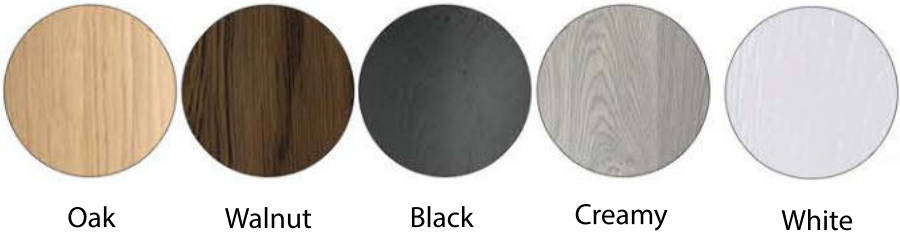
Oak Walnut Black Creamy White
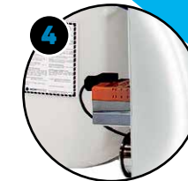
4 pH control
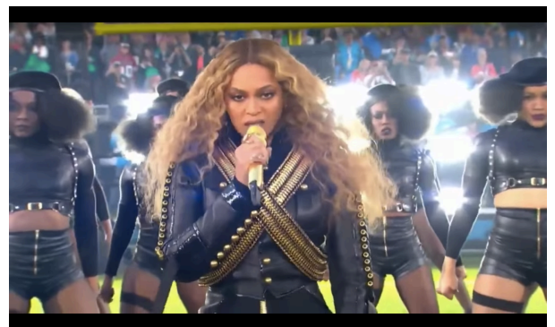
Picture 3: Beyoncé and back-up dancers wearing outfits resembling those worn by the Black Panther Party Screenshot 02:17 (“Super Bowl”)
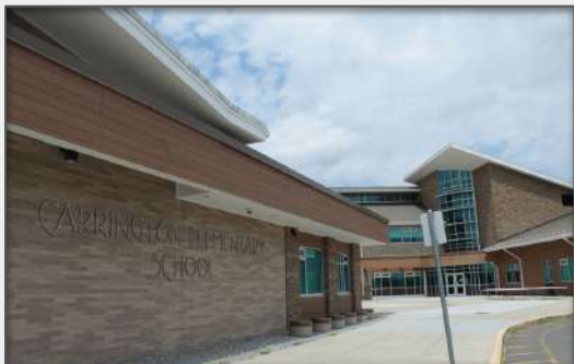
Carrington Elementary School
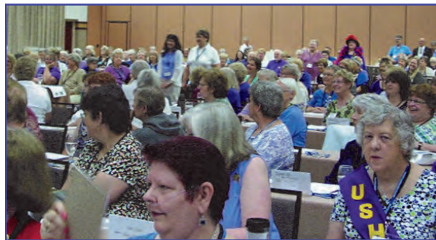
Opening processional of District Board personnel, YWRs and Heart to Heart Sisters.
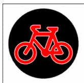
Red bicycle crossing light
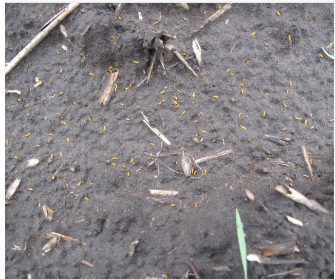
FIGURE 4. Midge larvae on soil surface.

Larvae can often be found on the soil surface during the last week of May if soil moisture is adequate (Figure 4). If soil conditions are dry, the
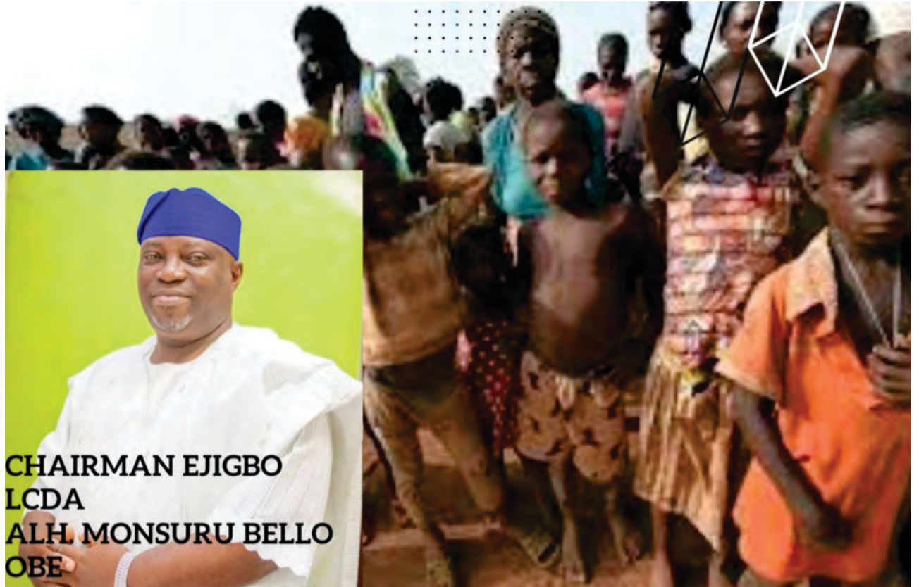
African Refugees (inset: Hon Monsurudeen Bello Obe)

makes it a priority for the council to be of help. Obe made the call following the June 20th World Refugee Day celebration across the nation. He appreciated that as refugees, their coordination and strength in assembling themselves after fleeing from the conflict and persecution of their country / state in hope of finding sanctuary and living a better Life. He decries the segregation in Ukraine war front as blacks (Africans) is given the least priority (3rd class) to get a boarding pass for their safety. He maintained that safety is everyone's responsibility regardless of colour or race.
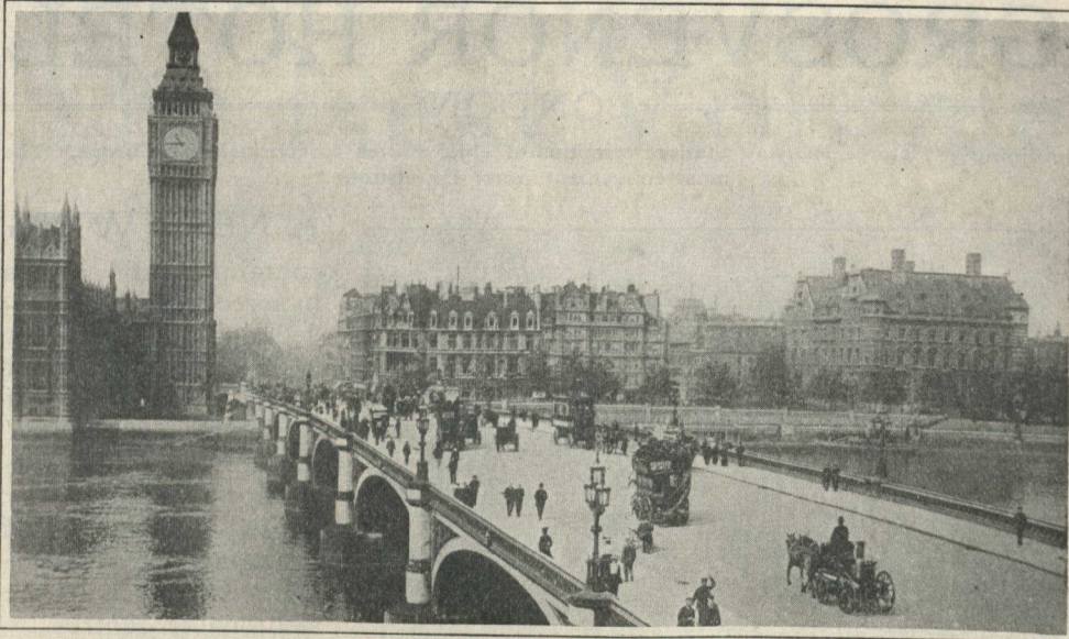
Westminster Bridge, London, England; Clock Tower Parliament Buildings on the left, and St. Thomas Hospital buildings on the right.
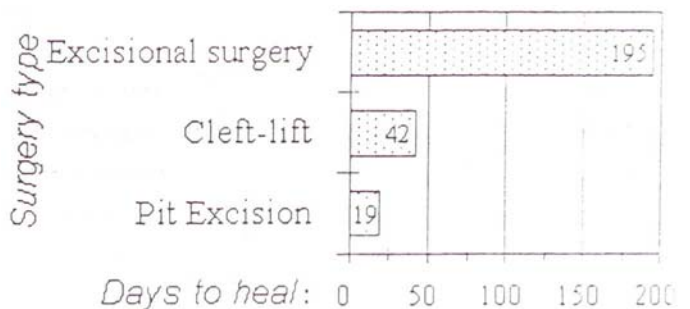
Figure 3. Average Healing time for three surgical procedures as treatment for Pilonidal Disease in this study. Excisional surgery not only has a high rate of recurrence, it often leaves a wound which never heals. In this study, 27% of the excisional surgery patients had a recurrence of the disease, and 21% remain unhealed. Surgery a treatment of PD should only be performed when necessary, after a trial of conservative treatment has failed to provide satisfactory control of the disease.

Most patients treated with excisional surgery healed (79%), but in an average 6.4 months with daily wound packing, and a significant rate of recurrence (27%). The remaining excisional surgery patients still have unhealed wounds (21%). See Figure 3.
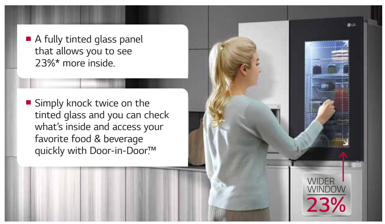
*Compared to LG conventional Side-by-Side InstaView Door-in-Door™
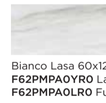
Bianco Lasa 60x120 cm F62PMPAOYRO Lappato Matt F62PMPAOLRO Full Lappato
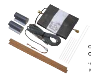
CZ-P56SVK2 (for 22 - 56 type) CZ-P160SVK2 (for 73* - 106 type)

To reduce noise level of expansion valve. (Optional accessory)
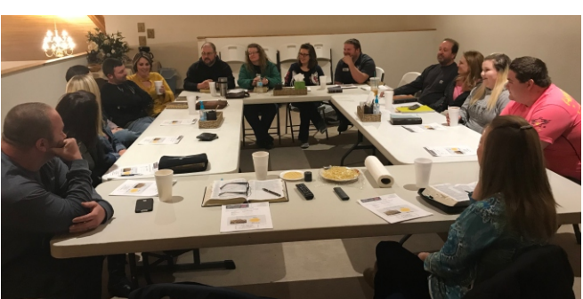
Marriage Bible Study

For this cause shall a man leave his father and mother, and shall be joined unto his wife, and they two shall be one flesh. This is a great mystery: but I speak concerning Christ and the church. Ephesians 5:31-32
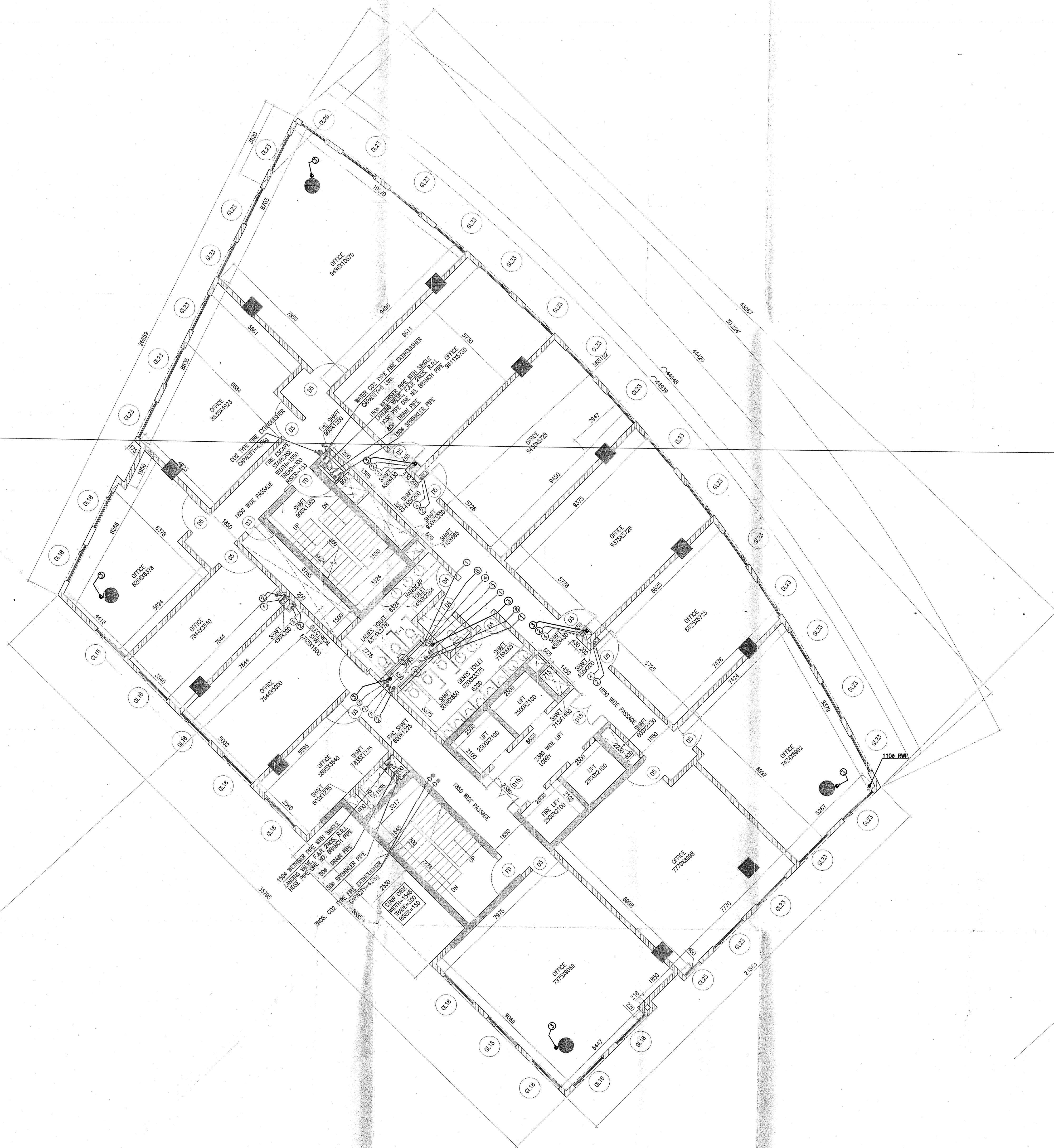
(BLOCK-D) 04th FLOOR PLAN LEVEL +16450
* * *
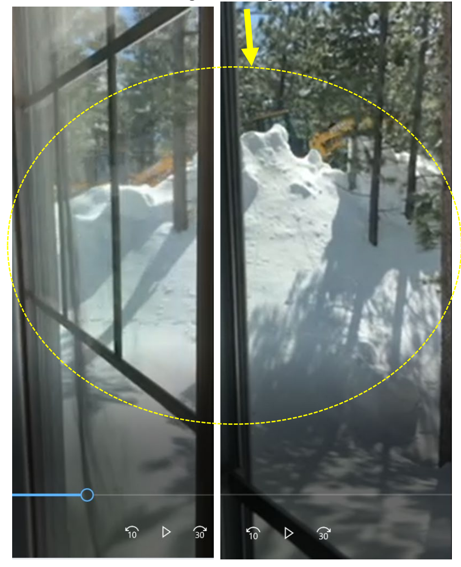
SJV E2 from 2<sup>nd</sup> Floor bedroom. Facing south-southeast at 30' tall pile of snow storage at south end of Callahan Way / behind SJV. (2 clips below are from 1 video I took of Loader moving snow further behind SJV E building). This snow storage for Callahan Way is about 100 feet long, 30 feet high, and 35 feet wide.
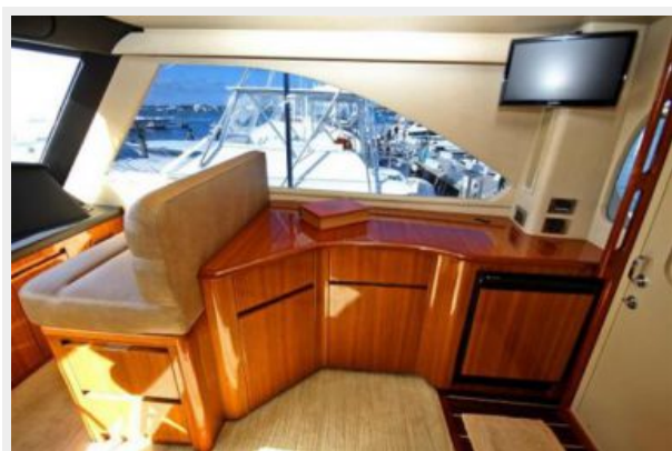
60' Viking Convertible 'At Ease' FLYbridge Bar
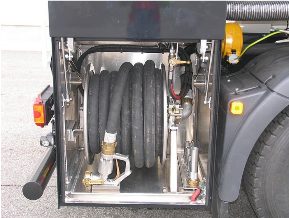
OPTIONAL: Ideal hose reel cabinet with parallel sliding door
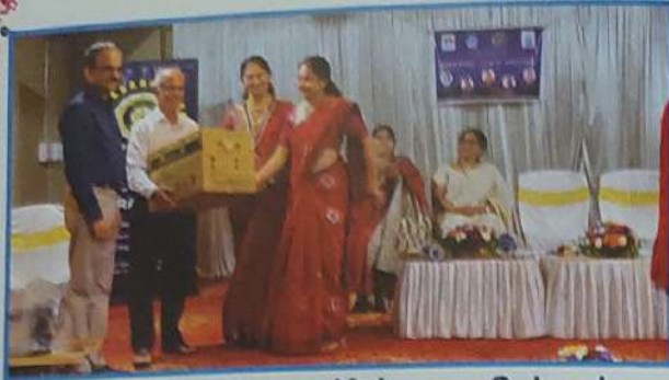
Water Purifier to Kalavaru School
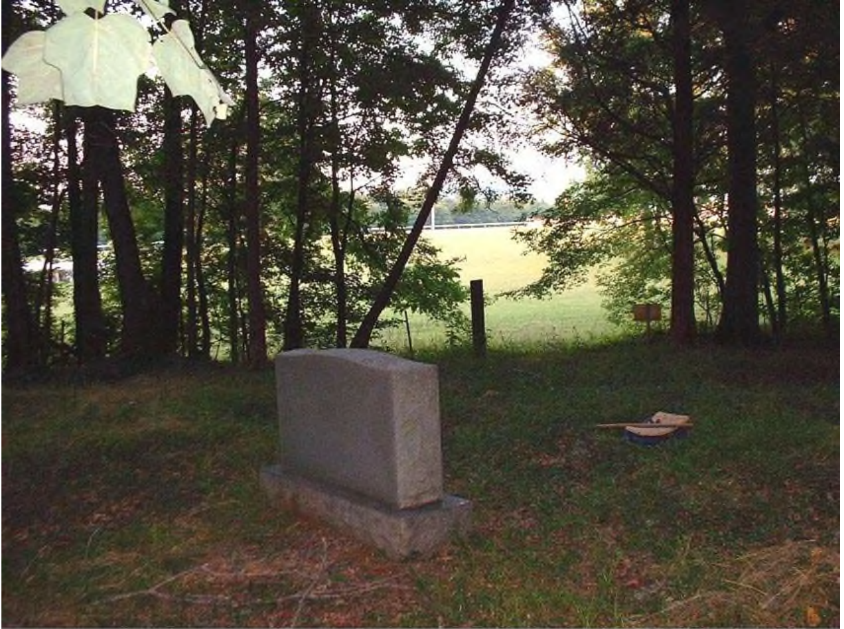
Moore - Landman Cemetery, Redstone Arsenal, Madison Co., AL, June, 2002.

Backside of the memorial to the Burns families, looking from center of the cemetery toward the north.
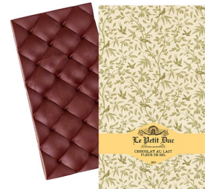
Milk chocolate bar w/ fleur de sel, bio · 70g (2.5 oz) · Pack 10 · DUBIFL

> [Problem statement] In the listing above, find the line with "Figure 3. Average" and the line with "(BLOCK-D) 04th FLOOR PLAN LEVEL +16450". Copy exactly those lines and all between them, minus the images.

> [Task response]
Figure 3. Average Healing time for three surgical procedures as treatment for Pilonidal Disease in this study. Excisional surgery not only has a high rate of recurrence, it often leaves a wound which never heals. In this study, 27% of the excisional surgery patients had a recurrence of the disease, and 21% remain unhealed. Surgery a treatment of PD should only be performed when necessary, after a trial of conservative treatment has failed to provide satisfactory control of the disease.

Most patients treated with excisional surgery healed (79%), but in an average 6.4 months with daily wound packing, and a significant rate of recurrence (27%). The remaining excisional surgery patients still have unhealed wounds (21%). See Figure 3.
*Compared to LG conventional Side-by-Side InstaView Door-in-Door™
Bianco Lasa 60x120 cm F62PMPAOYRO Lappato Matt F62PMPAOLRO Full Lappato
CZ-P56SVK2 (for 22 - 56 type) CZ-P160SVK2 (for 73* - 106 type)

To reduce noise level of expansion valve. (Optional accessory)
Marriage Bible Study

For this cause shall a man leave his father and mother, and shall be joined unto his wife, and they two shall be one flesh. This is a great mystery: but I speak concerning Christ and the church. Ephesians 5:31-32
(BLOCK-D) 04th FLOOR PLAN LEVEL +16450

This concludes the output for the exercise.